The minimum thickness of Hardfacing layers is about 1 mm (0.040"): if thin overlays are required one should investigate the applicability of Thermal-spray as a method of depositing materials with designated properties, without welding the base material or even heating it much.

What is in here for me?


Hardfacing benefits:
* Building new parts with assured longer life of elements subjected to wear and abrasion.
* Rebuilding worn parts at a fraction of replacement cost.
* Savings in maintenance costs when rebuilding at the equipment operation place.
* Producing more economic parts by placing hardfacing alloy only where needed.
* Reducing breakdown time and increasing work efficiency.

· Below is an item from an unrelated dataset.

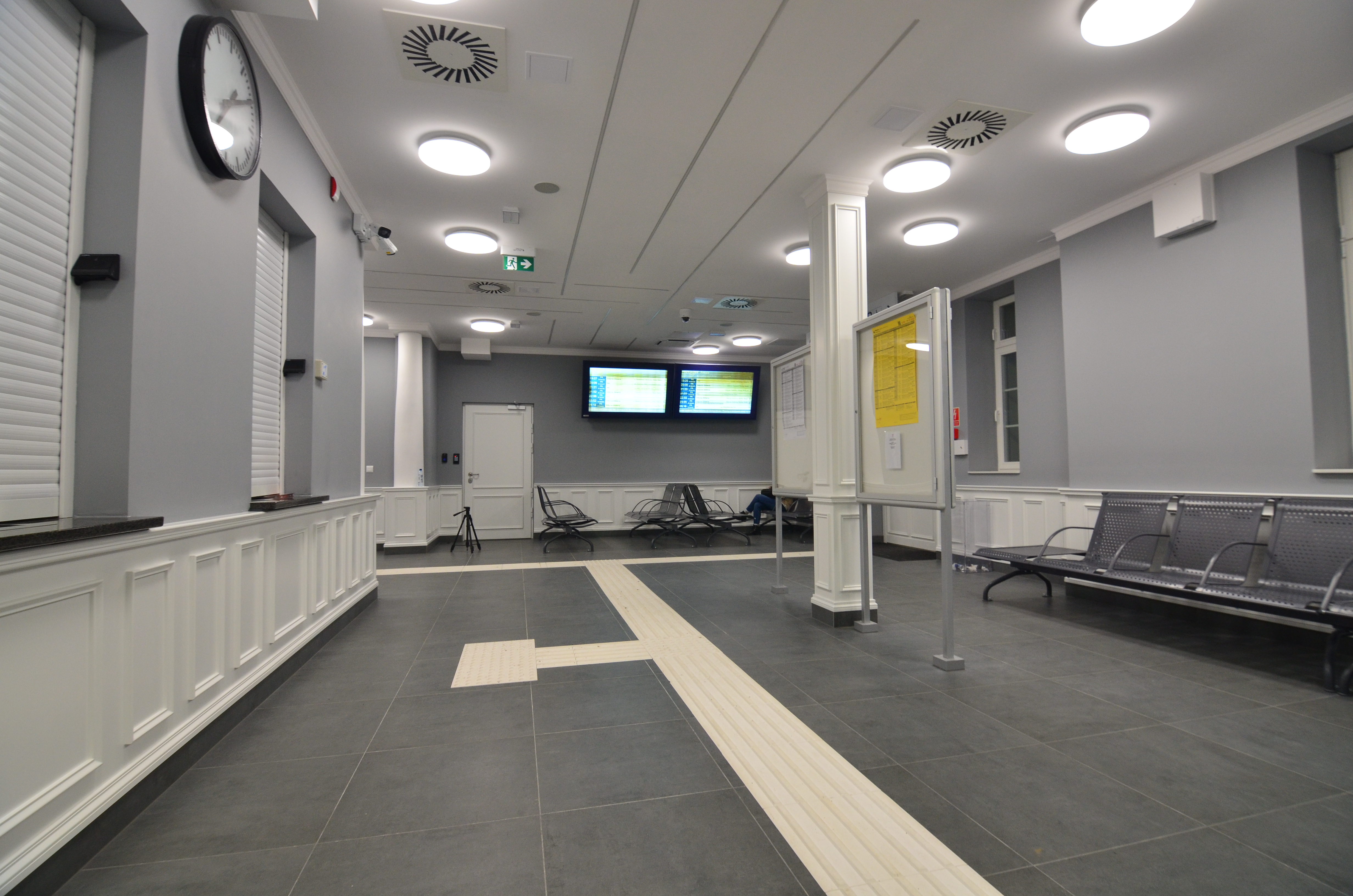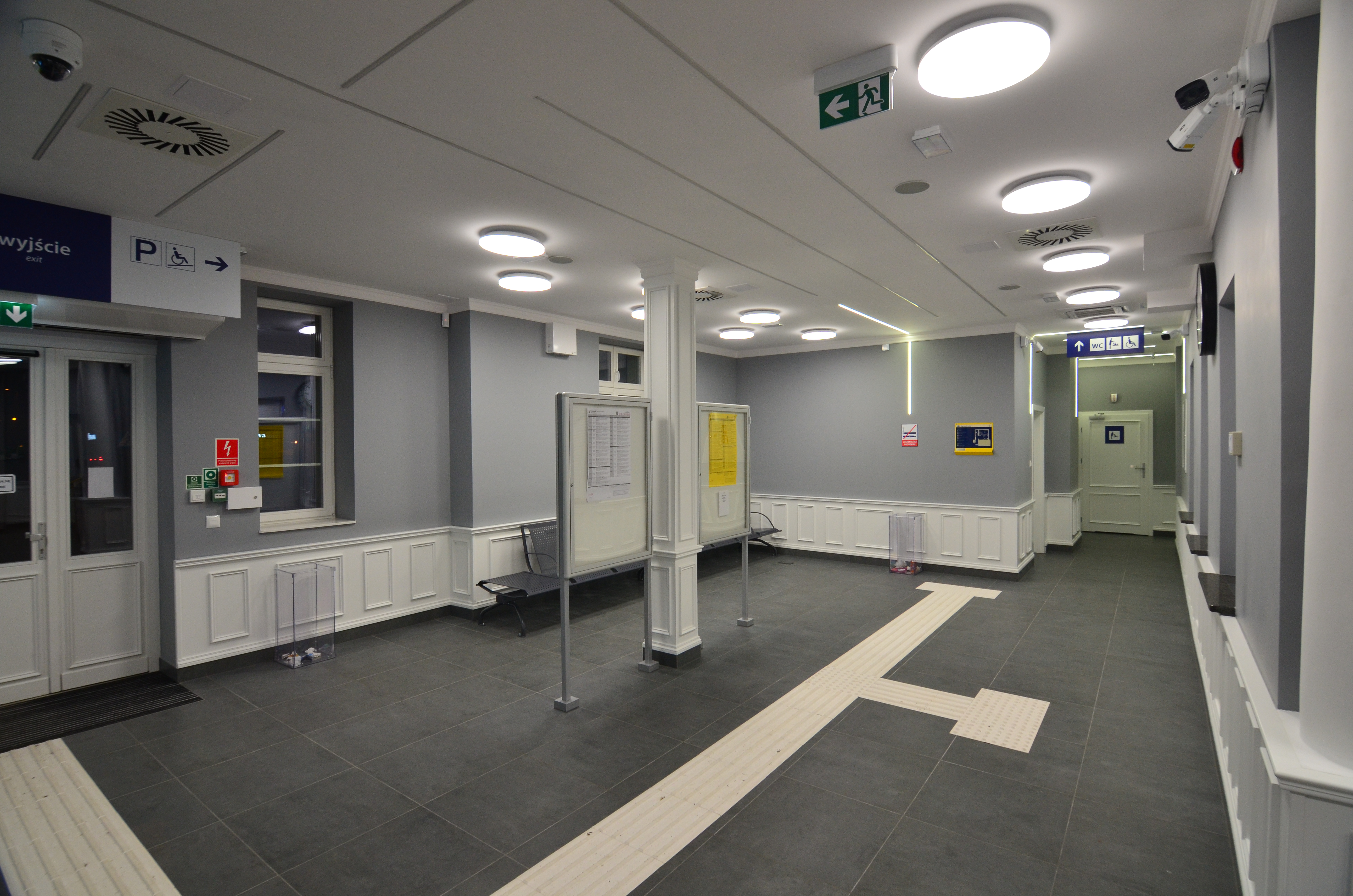 Metamorfozę, z poszanowaniem dla historycznego charakteru dworca, przeszło jego wnętrze. W holu podróżni znajdą ławki, gabloty z rozkładem jazdy, a także elektroniczne tablice przyjazdów i odjazdów pociągów. Przestrzeń obsługi podróżnych jest klimatyzowana. W jej sąsiedztwie zlokalizowano pomieszczenia kas biletowych oraz toalety. Część dworca została przeznaczona na sezonowe kasy biletowe, zaplanowano też lokale na wynajem.

Essentially the process of Hardfacing or Surfacing consists in depositing a welded overlay, providing hardness, abrasion-, erosion-, galling-, impact-, corrosion- or heat resistance as required, to cover the original or the worn out surface so that it might better perform its function in a harsh environment, for longer time with less maintenance.

The economic importance of Hardfacing derives from the feasibility of selectively applying expensive material, chosen for its properties, exactly where it is required for best performing its specialized function, unto a common inexpensive base metal providing the bulk of the structure. Also the local applicability of Hardfacing using portable equipment means that repairs can be done at the point of utilization, avoiding excessive costs of transportation to the repair facility.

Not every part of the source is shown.